### TASK DETAILS
The pictures do not go in the copy. Reproduce the rest of the entries exactly.

Recorded data:
=-=-=-=-=

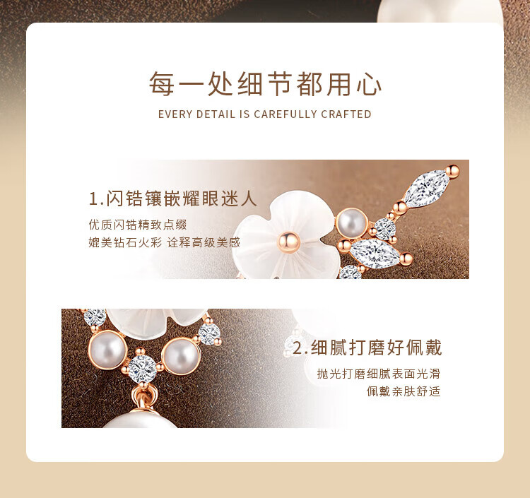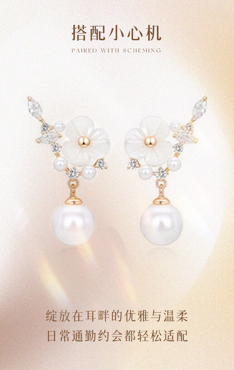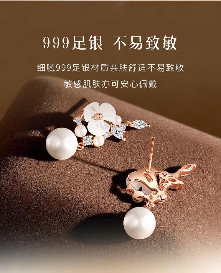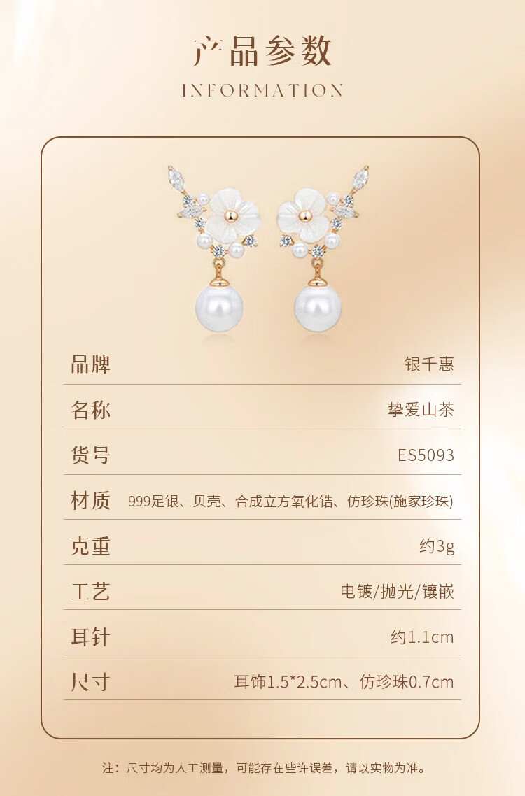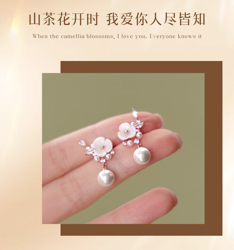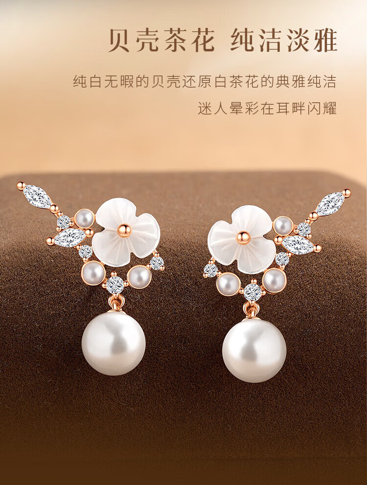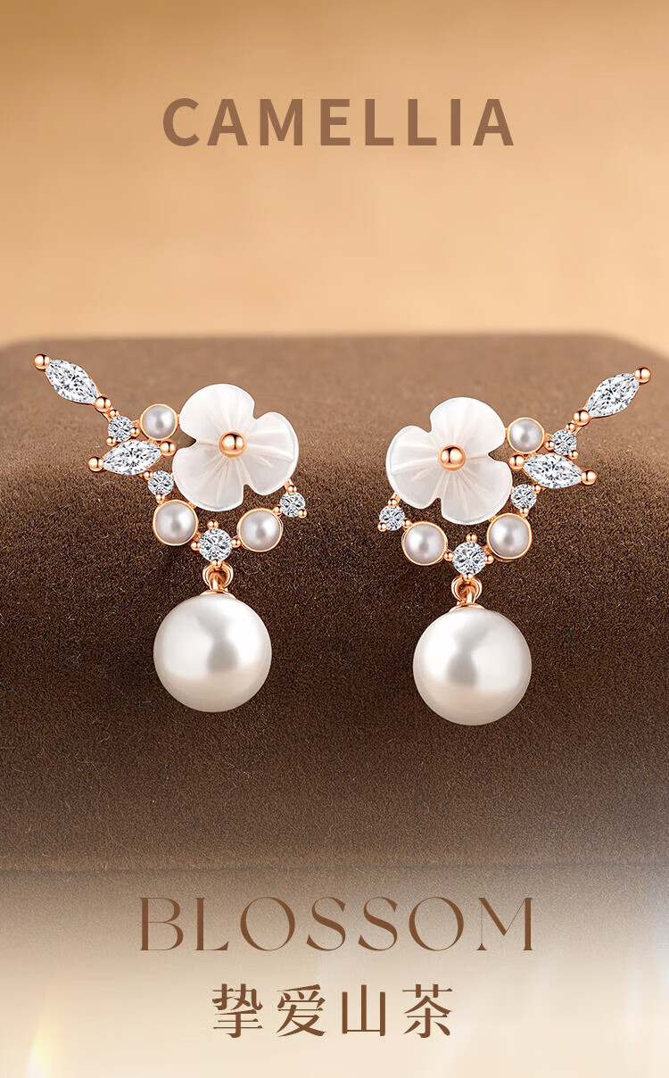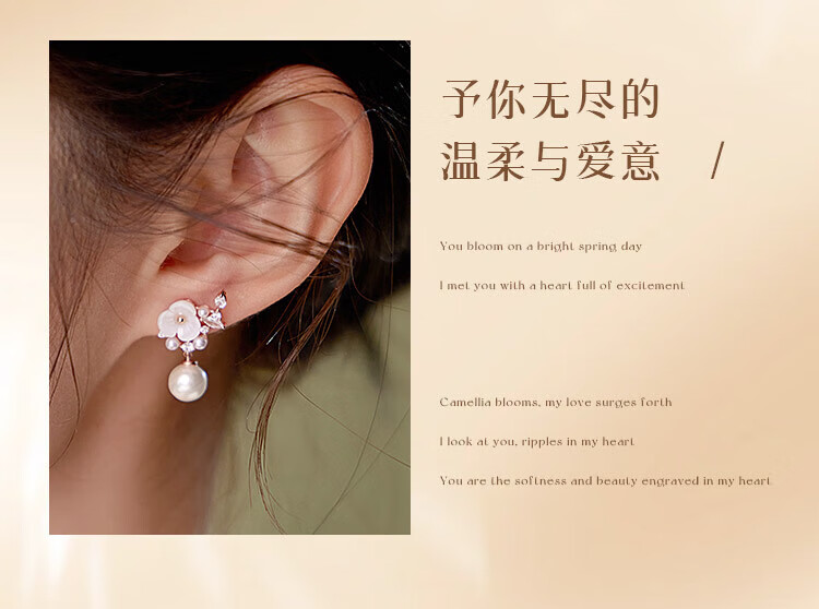 Gin Chie 999 sterling silver camellia pearl earrings women's earrings drop earrings Valentine's Day birthday gift for girlfriend and best friend
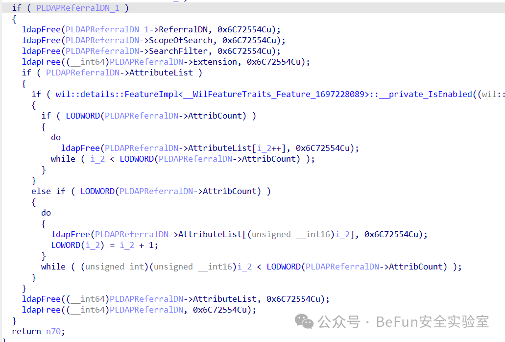 typedef struct _LDAPReferralDN{ PWCHAR ReferralDN; // DN present in the referral PWCHAR * AttributeList; // Attributes requested ULONG AttribCount; // Number of attributes requested ULONG ScopeOfSearch; // Search scope PWCHAR SearchFilter; // search filter PWCHAR Extension; // Extension part of the URL PWCHAR BindName; // A bindname extension for the URL} LDAPReferralDN, * PLDAPReferralDN;ULONG LdapChaseReferral(...){ ... LDAPReferralDN *pldapRefDN = NULL; ... USHORT i; ... if (pldapRefDN != NULL) { ldapFree(pldapRefDN->ReferralDN, LDAP_URL_SIGNATURE); ldapFree(pldapRefDN->SearchFilter, LDAP_URL_SIGNATURE); ldapFree(pldapRefDN->Extension, LDAP_URL_SIGNATURE); ldapFree(pldapRefDN->BindName, LDAP_URL_SIGNATURE); if (pldapRefDN->AttributeList) { for (i=0; i<pldapRefDN->AttribCount; i++) { ldapFree(pldapRefDN->AttributeList[i], LDAP_URL_SIGNATURE); } } ldapFree(pldapRefDN->AttributeList, LDAP_URL_SIGNATURE); ldapFree(pldapRefDN, LDAP_URL_SIGNATURE); } return hr;}
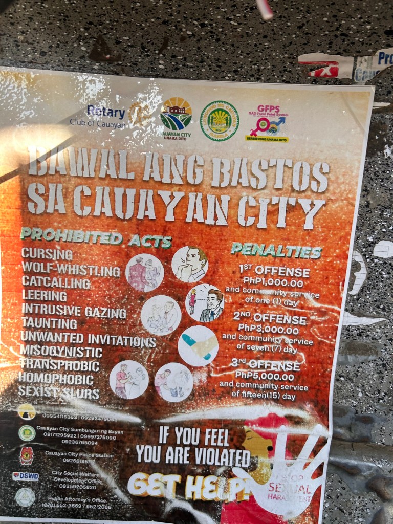 On my way back to the hotel, I saw this sign on a motorcycle, and then it all made sense to me: there’s a ban on rudeness in Cauayan City.
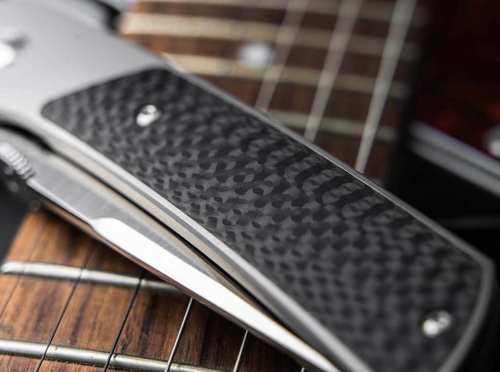 A markolat a high-end anyagok és a funkcionális tervezés mintapéldája: a masszív titán vázra rögzített szénszálas (carbon fiber) betét nemcsak látványos, hanem rendkívül könnyű és ellenálló szerkezetet eredményez. A bicska teljes súlya mindössze 125 gramm, ami a masszív méretekhez képest kiváló hordozhatóságot biztosít a mindennapi viselet során. A zárszerkezet egy robusztus Framelock (keretzár), amelyet edzett acél betéttel láttak el a titán és az acél penge közötti tapadásmentes és kopásálló működés érdekében. Ez a megoldás garantálja a holtjátékmentes rögzítést és a hosszú élettartamot még intenzív használat mellett is, elkerülve a zár véletlen kioldását. Az ergonómia sallangmentes, a markolat ívei természetesen követik a kéz formáját, biztos fogást nyújtva bármilyen szögben végzett munka során a felhasználónak. A bicska hordozhatóságát egy mart titán zsebklipsz teszi teljessé, amely stabil rögzítést biztosít, miközben a tartozékként járó minőségi nylon tok extra védelmet nyújt a tárolás során. Minden egyes alkatrész illesztése és megmunkálása a legmagasabb minőségi elvárásoknak megfelelően készült, elkerülve a mechanikai pontatlanságokat.
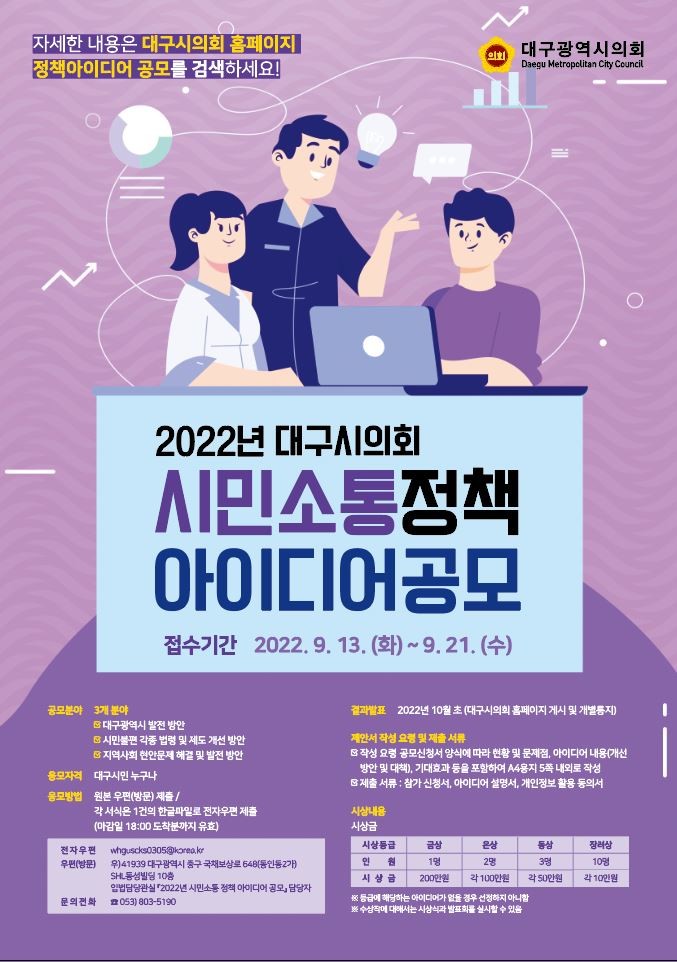 [대구 세계타임즈=한성국 기자] 제9대 대구광역시의회(의장 이만규)는 대구 시민을 대상으로 ‘시민소통 정책아이디어 공모전’을 추진하여 오는 9월 13일(화)부터 9월 21일(수)까지 아이디어 접수를 진행한다.
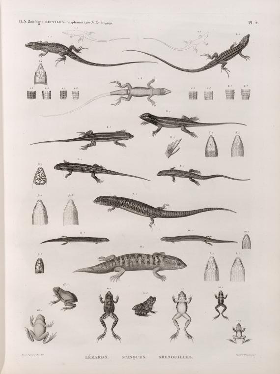 Zoologie. Reptiles. (Supplement). Lézards; Scinques; Grenouilles.

=-=-=-=-=

### FINISHED TASK
 Gin Chie 999 sterling silver camellia pearl earrings women's earrings drop earrings Valentine's Day birthday gift for girlfriend and best friend
 typedef struct _LDAPReferralDN{ PWCHAR ReferralDN; // DN present in the referral PWCHAR * AttributeList; // Attributes requested ULONG AttribCount; // Number of attributes requested ULONG ScopeOfSearch; // Search scope PWCHAR SearchFilter; // search filter PWCHAR Extension; // Extension part of the URL PWCHAR BindName; // A bindname extension for the URL} LDAPReferralDN, * PLDAPReferralDN;ULONG LdapChaseReferral(...){ ... LDAPReferralDN *pldapRefDN = NULL; ... USHORT i; ... if (pldapRefDN != NULL) { ldapFree(pldapRefDN->ReferralDN, LDAP_URL_SIGNATURE); ldapFree(pldapRefDN->SearchFilter, LDAP_URL_SIGNATURE); ldapFree(pldapRefDN->Extension, LDAP_URL_SIGNATURE); ldapFree(pldapRefDN->BindName, LDAP_URL_SIGNATURE); if (pldapRefDN->AttributeList) { for (i=0; i<pldapRefDN->AttribCount; i++) { ldapFree(pldapRefDN->AttributeList[i], LDAP_URL_SIGNATURE); } } ldapFree(pldapRefDN->AttributeList, LDAP_URL_SIGNATURE); ldapFree(pldapRefDN, LDAP_URL_SIGNATURE); } return hr;}
 On my way back to the hotel, I saw this sign on a motorcycle, and then it all made sense to me: there’s a ban on rudeness in Cauayan City.
 A markolat a high-end anyagok és a funkcionális tervezés mintapéldája: a masszív titán vázra rögzített szénszálas (carbon fiber) betét nemcsak látványos, hanem rendkívül könnyű és ellenálló szerkezetet eredményez. A bicska teljes súlya mindössze 125 gramm, ami a masszív méretekhez képest kiváló hordozhatóságot biztosít a mindennapi viselet során. A zárszerkezet egy robusztus Framelock (keretzár), amelyet edzett acél betéttel láttak el a titán és az acél penge közötti tapadásmentes és kopásálló működés érdekében. Ez a megoldás garantálja a holtjátékmentes rögzítést és a hosszú élettartamot még intenzív használat mellett is, elkerülve a zár véletlen kioldását. Az ergonómia sallangmentes, a markolat ívei természetesen követik a kéz formáját, biztos fogást nyújtva bármilyen szögben végzett munka során a felhasználónak. A bicska hordozhatóságát egy mart titán zsebklipsz teszi teljessé, amely stabil rögzítést biztosít, miközben a tartozékként járó minőségi nylon tok extra védelmet nyújt a tárolás során. Minden egyes alkatrész illesztése és megmunkálása a legmagasabb minőségi elvárásoknak megfelelően készült, elkerülve a mechanikai pontatlanságokat.
 [대구 세계타임즈=한성국 기자] 제9대 대구광역시의회(의장 이만규)는 대구 시민을 대상으로 ‘시민소통 정책아이디어 공모전’을 추진하여 오는 9월 13일(화)부터 9월 21일(수)까지 아이디어 접수를 진행한다.
 Zoologie. Reptiles. (Supplement). Lézards; Scinques; Grenouilles.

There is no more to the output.